Menurut Fahmy, akan ada sejumlah manfaat yang diperoleh masyarakat, apabila nantinya terjadi pengalihan pola konsumsi. Misalnya saat terjadi migrasi ke mobil listrik. Manfaat langsung yang dirasakan terutama karena yang digunakan energi listrik, termasuk energi bersih.

Ini dimungkinkan, mengingat ada sebagian masyarakat yang mulai sadar lingkungan. Maka di sini energi listrik menjadi pilihan, seperti halnya mobil listrik dan kompor listrik (induksi).

“Ke depan, pengalihan pola konsumsi energi masyarakat ke listrik akan terjadi, namun yang terpenting, kembali dua hal itu harus ada, yakni terkait ketersediaan dan keterjangkauan,” paparnya.

Perubahan memang tidak bisa terjadi secara total dan cepat, melainkan secara bertahap. Namun dengan adanya perpindahan pola konsumsi energi, akan terjadi penghematan.

Jadi pemerintah memberikan subsidi solar, lalu subsidinya dialihkan kepada mobil listrik, otomatis akan mengurangi subsidi solar. Juga, terjadi penghematan beban energi yang ditanggung APBN. Selain itu, impor BBM akan jauh berkurang.

“Itu sebabnya pemerintah harus mendorong peralihan dari kendaraan yang menggunakan energi berbasis fuel kepada berbasis listrik, dan juga penggunaan kompor listrik (kompor induksi),” tegas Fahmy

Pakar ketenagalistrikan dan Guru Besar FT-UI Iwa Garniwa mengemukakan hal senada. Penggunaan kompor listrik untuk memasak, manfaatnya lebih bersih (ramah lingkungan), dibandingkan menggunakan energi migas. Karena migas masih membakar dan menghasilkan emisi. Sementara pembangkit listrik yang ada saat ini, adalah PLTU yang lebih sedikit menggunakan batu bara dan sangat minim emisi yang diakibatkan.

Namun ditinjau dari segi harga, apakah listrik lebih murah dengan harga yang ada sekarang, Iwa tidak bisa menjawab secara pasti.

“Jika pemerintah memutuskan, menaikkan atau menurunkan harga migas, bisa jadi harganya lebih mahal atau murah.
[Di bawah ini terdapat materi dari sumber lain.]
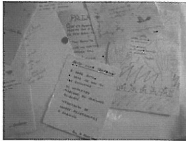
Fotografía n° 4

Después de realizar el recorrido se pidió que individualmente elaboraran un dibujo o una poesía tipo haiku en papel artesano que reflejara alguno de los sentimientos que le produjo dicho recorrido. Hay que señalar que 20 fueron los alumnos y alumnas que realizaron la composición escrita( foto n° 4 ), algunas de las cuales fueron muy interesantes ( figura n° 1 y 2 )

Perbandingannya, antara memasak menggunakan bahan bakar migas atau listrik. Jadi penetapan harga itu relatif sifatnya,” papar Anggota Panitia Akreditasi Ketenagalistrikan, Direktorat Jenderal Ketenagalistrikan Kementerian Energi dan Sumber Daya Mineral (ESDM) ini.

Salah satu acara sosialisasi penggunaan kompor induksi oleh PT PLN (Persero) untuk mengoptimalkan penggunaan listrik.

Konversi Konsumsi Jadi Pilihan

Secara terpisah, Ketua Pengurus Harian Yayasan Lembaga Konsumen Indonesia (YLKI) Tulus Abadi, mengemukakan, penggunaan sejumlah perlengkapan berbasis listrik mulai dari kompor listrik, mobil dan motor listrik akan menjadikan konsumen memiliki pilihan dalam komoditas energi.

“Artinya apabila tersedia semakin banyak pilihan energi yang disediakan oleh negara, maka akan semakin efisien. Selain itu, dengan dengan adanya mobil listrik atau motor listrik, dari segi polusi, bisa menekan pengeluaran dari sisi bahan bakar,” jelasnya.

Karena itu, YLKI kembali menekankan bagi masyarakat konsumen agar mengubah pola hidup menjadi lebih banyak menggunakan energi listrik dibandingkan sumber energi lainnya seperti migas, akan tergantung pada harga yang ditawarkan.

Menurut Tulus, jika harga jual tenaga listrik yang ditawarkan lebih murah, masyarakat memilki alternatif pilihan. Namun sebaliknya, kalau penawaran harganya mahal, akan sulit bagi masyarakat beralih pada listrik.

Sementara Executive Vice President Corporate Communication and CSR PT PLN (Persero), I Made Suprateka, mengemukakan bahwa pada akhirnya semua harus sepakat untuk mempertajam berbagai sumber alam yang dapat berkontribusi memperkuat ekonomi Indonesia, sekaligus berarti meminimalisir berbagai hal, terutama pada pos-pos pengeluaran belanja negara, yang memiliki fungsi substistusi bersumber dari dalam negeri.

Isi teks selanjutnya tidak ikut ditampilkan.